So, let's look at the idea of fiction as make believe. Where do the characters that we create originate from? What happens when we set them loose on the page, or in the mind of the readers? This is a fairly common place to begin when considering this relatively new form of writing, the fiction novel. (Exactly how "new" is subject of argument, but it could be measured at any rate in hundreds of years, not thousands as some naive students are prone to believe for some reason. Don't forget, we've only had cars for a little over a hundred years, yet most people seem to think that there were two Hyundai's and two Toyota's etc placed on the arc along with all the other animals... But now I really do digress.)

I digress because we actually have no clear direction to take once we've set at looking at fiction as "make believe," as these things obviously had to come from somewhere, although there is some sense in taking the "writing as shamanism" approach which I have hinted at in my own writing in the past.
However, that is not altogether satisfactory, because it is  more that the author should serve the cultural role of shaman, along with all other artists, in a culture that lacks any other form of that sort of spiritual guidance--not prescriptive guidance but rather something much more beneficial, a figure that helps people remember that they must above and beyond everything else BECOME YOURSELF.

Nonfiction pretends to be true. Fiction pretends to be false. A story. But both of them are stories. And it is this distinction that allows the media to play games with our minds with journalism. It is what allows us to believe that fantasy stories are "just tales" and wonder why they have such psychological power when they hit the right nerve. The reason for this is lodged within every book we've written through this project. It is in the in the mission statement.

(And yet when I submit my material to publishers or agents, the first question they inevitably ask is, "do you write fiction or nonfiction?" It's a problem for me every time, too.)

When I return to continue this subject, I will look at yet more ways that "fiction" and "nonfiction" both fail us horribly, and in the process demonstrate that logic too fails us--unless if we are scientists or mathematicians--and all our beliefs are in fact a form of fiction as much as anything else. So tune in again when I get the cranial-sacral juices flowing enough to get us all there, as it were.

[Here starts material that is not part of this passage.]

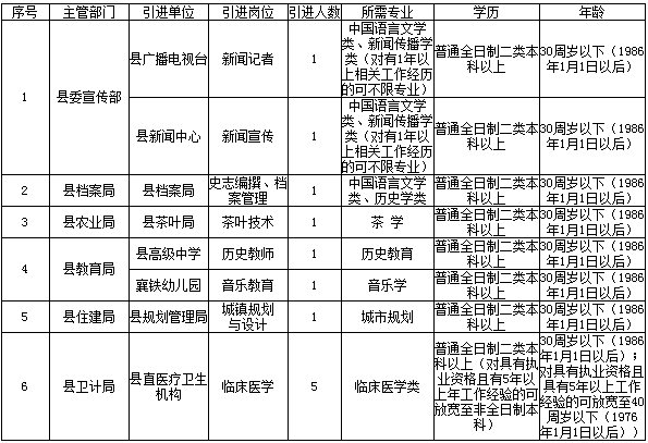 為大力實(shí)施人才興縣戰(zhàn)略,根據(jù)《縣委辦公室 縣政府辦公室關(guān)于印發(fā)急需緊缺人才引進(jìn)管理暫行辦法(五辦文〔2015〕25號(hào))》文件精神,經(jīng)縣委縣政府同意,現(xiàn)面向社會(huì)公開引進(jìn)12名急需緊缺人才?,F(xiàn)將有關(guān)事項(xiàng)公告如下: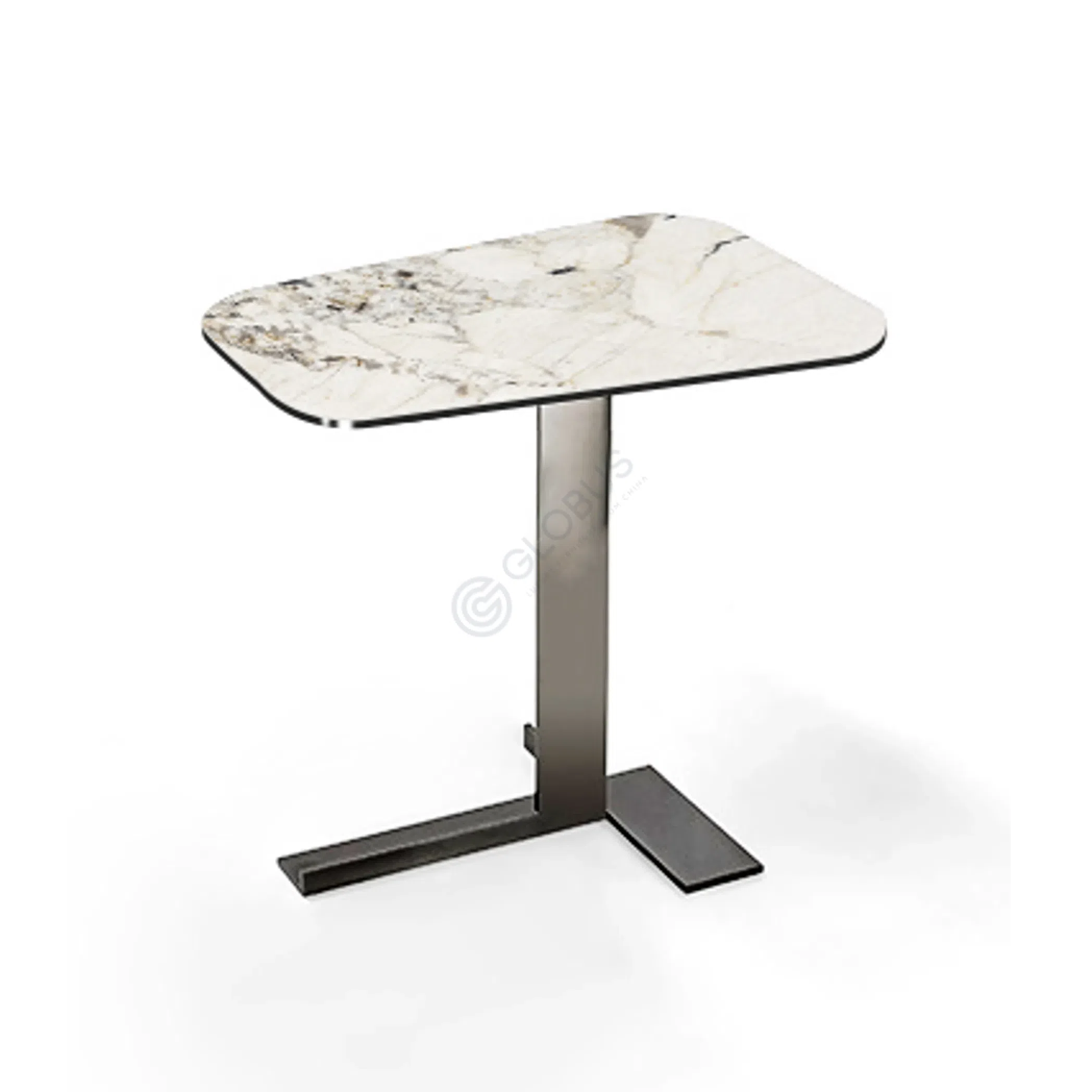 This modern coffee table presents a refined aesthetic, gracefully combining the timeless beauty of natural marble with the strength of titanium. Its elegant, elongated tabletop features softly rounded edges, offering a sophisticated silhouette that enhances any contemporary living space.

In the meantime, I'd like to suggest you check out the link below and pick up a book or even album. Not just because I had a hand in some of them, but also because they are all works in the process of untethering us from old and static concepts, none of them absolutely succeeding at those tasks I'm sure, but we all must work a step at a time. And in the process, every now and then, great things happen... 

[Where is the fucking counterculture? Mythos Media.]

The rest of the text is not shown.